On Tue, 26 Oct 2021, Martin Husemann wrote:
On Tue, Oct 26, 2021 at 01:30:31PM +0200, BALATON Zoltan wrote:
The current 9.2 version is not affected and still boots before and after
but
older versions which booted without this change now get strange errors as
reported in the above OpenBIOS list thread. Any idea what may be wrong or
how to
debug it further?
The memory disk root file system, which for this kernel is embedded
into the kernel data section, is corrupt.

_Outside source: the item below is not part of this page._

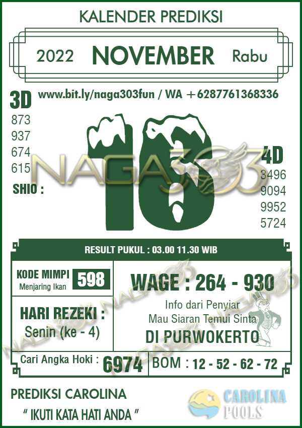 Prediksi Carolina Pools Rabu 16 November 2022

So either something goes horribly wrong when reading the kernel from the
boot medium (ofwboot.xcf does that using OF callbacks, so very unlikely),
or the new OF node makes the kernel code corrupt some memory post-loading.

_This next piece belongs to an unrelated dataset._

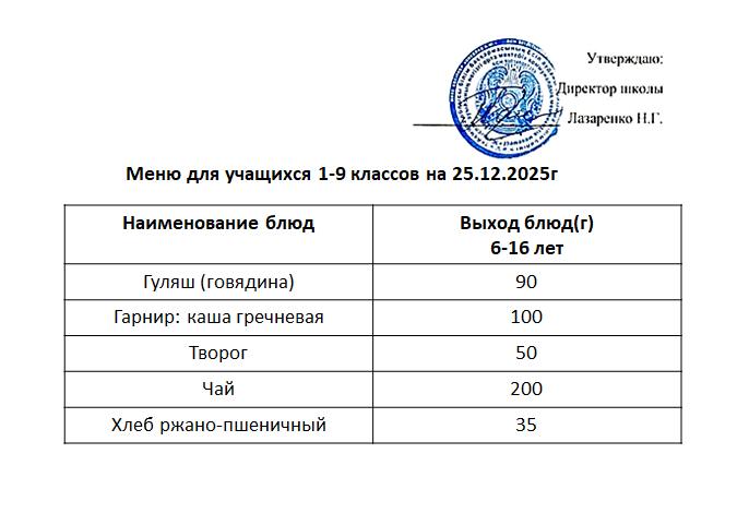 Мәзір (тағамдардың суреті) 2025-2026

I don't remember related fixes (nor see any in the CHANGES-9.2 file), so
maybe
it is just pure luck that 9.2 boots (because the corruption hits in a
different
location).
I also saw errors about claim and out of memory with some other versions so
could be OpenBIOS allocates memory differently than Apple's OpenFirmware and
this collides with the kernel data somehow? I've tried enabling OpenBIOS
client interface debug and got this when booting NetBSD-8.0-macppc.iso:
claim(0x00000000, 4096, 4096) = 0x1feff000
claim(0x00000000, 12288, 4096) = 0x1fefc000
claim(0x00000000, 20480, 4096) = 0x1fef7000
claim(0x00000000, 8192, 4096) = 0x1fef5000
claim(0x00000000, 36864, 4096) = 0x1feec000
claim(0x00000000, 4096, 4096) = 0x1feeb000
6075428+127808>> claim(0x00000000, 4096, 4096) = 0x1feea000
But I think these are made by ofwboot.xcf so don't know what happens after
that.
Would it help if we print the memory range where the MD image lives
early and you could use qemu tracing to catch any writes to that range
afterwards? The range is probably constant for consecutive boots with
the same args and the MD file system should still be read-only at the
point where it crashes for you.
I don't know how can I trace writes but I can dump memory and look at the
result. The netbsd-GENERIC_MD (from that 8,0 iso) ELF file says:
Idx Name Size VMA LMA File off Algn
11 .data 002c668c 00a1ad80 00a1ad80 0091ae00 2**6
But I could not find it at the load address, I've found most of it in memory
at 0x4383C0 but there are ranges in it that are different comparing data from
the ELF file and in memory at (decimal) offsets:
10-29
35-37
44-45
62-64
67-69
79-81
83-85
87-89
91-93
101
378-385
389
404-405
408-409
412-413
583-585
619-621
627-629
635-637
639-641
643-645
657
then they are the same until
2227271-2227373
2622103-
The differences don't look something I recognise but near the end the memory
is mostly zeroed with some strings from device tree while the .data segment
still has data there so maybe something is using the memory overlapping the
end of the loaded MD image? (In the .data part I see copyright messages by
Express Logic Inc. ThreadX THUMB-F/ARM Version G3.0f.3.0b where memory has
already 0s and some stings from device tree.) Where should the MD image be
loaded and what and how decides the location of it in memory?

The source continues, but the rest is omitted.